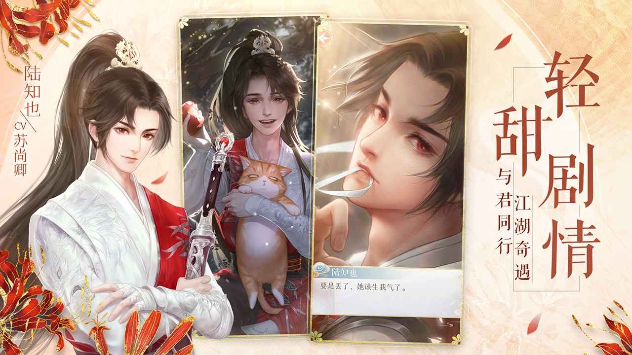 2.女主可盐可甜,男主颜值在线,故事走向轻悬疑,轻松搞笑不油腻。门派少主、奸佞王侯、宫廷乐师、巨贾东家、深谷谪仙伴你同游江湖。
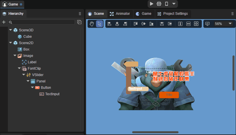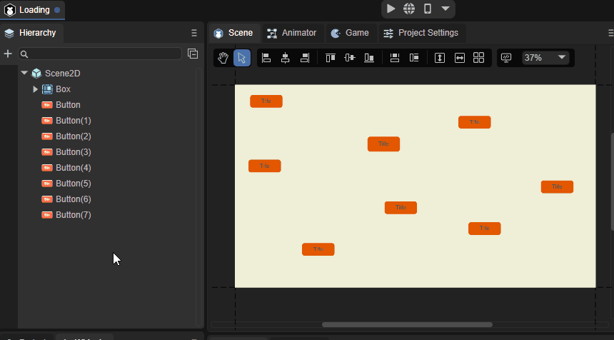 如场景层级很多,拖动想要移动的组件会比较困难,这时候就可以从层级面板单击选中该组件然后进行拖动,效果如动图3-1所示。
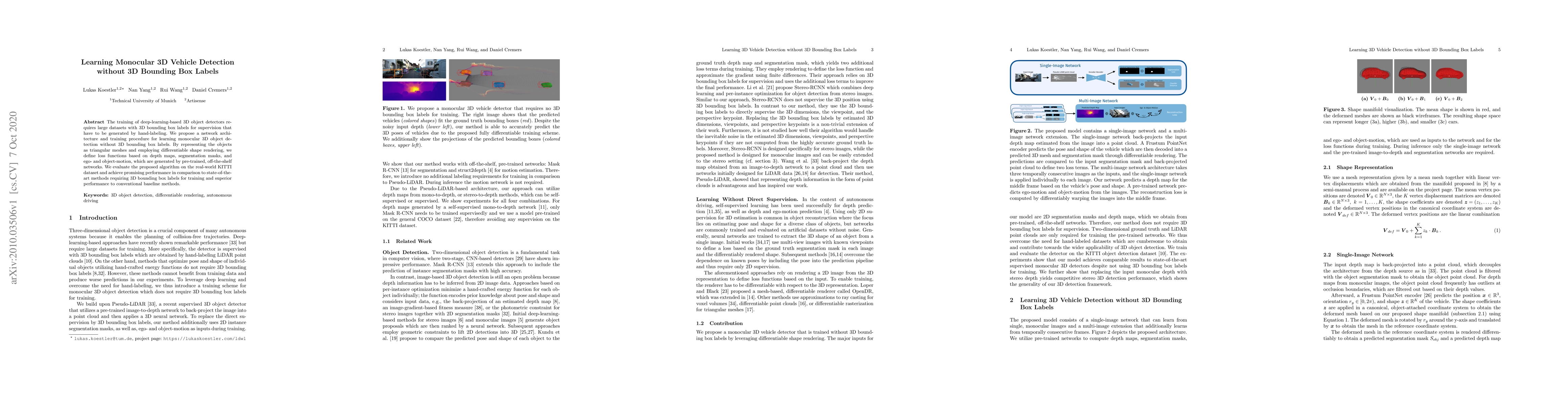 The training of deep-learning-based 3D object detectors requires large datasets with 3D bounding box labels for supervision that have to be generated by hand-labeling. We propose a network architecture and training procedure for learning monocular 3D object detection without 3D bounding box labels. By representing the objects as triangular meshes and employing differentiable shape rendering, we define loss functions based on depth maps, segmentation masks, and ego- and object-motion, which are generated by pre-trained, off-the-shelf networks. We evaluate the proposed algorithm on the real-world KITTI dataset and achieve promising performance in comparison to state-of-the-art methods requiring 3D bounding box labels for training and superior performance to conventional baseline methods.
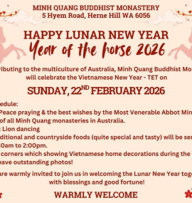 Perth ngày 17-1 -2026 GIÁO HỘI TĂNG GIÀ KHẤT SĨ ÚC CHÂU THIÊN VIỆN MINH QUANG TÂY ÚC 5 Hyem road, Herne Hill, WA 6056- Tel: (08) 92964259 THƯ MỜI ĐÓN XUÂN BÍNH NGỌ 2026…

◆ TASK TO CARRY OUT
Write out exactly the opening lines of the data, stopping after the line that holds "如场景层级很多,拖动想要移动". Exclude pictures.

◆ FINAL ANSWER
 2.女主可盐可甜,男主颜值在线,故事走向轻悬疑,轻松搞笑不油腻。门派少主、奸佞王侯、宫廷乐师、巨贾东家、深谷谪仙伴你同游江湖。
 如场景层级很多,拖动想要移动的组件会比较困难,这时候就可以从层级面板单击选中该组件然后进行拖动,效果如动图3-1所示。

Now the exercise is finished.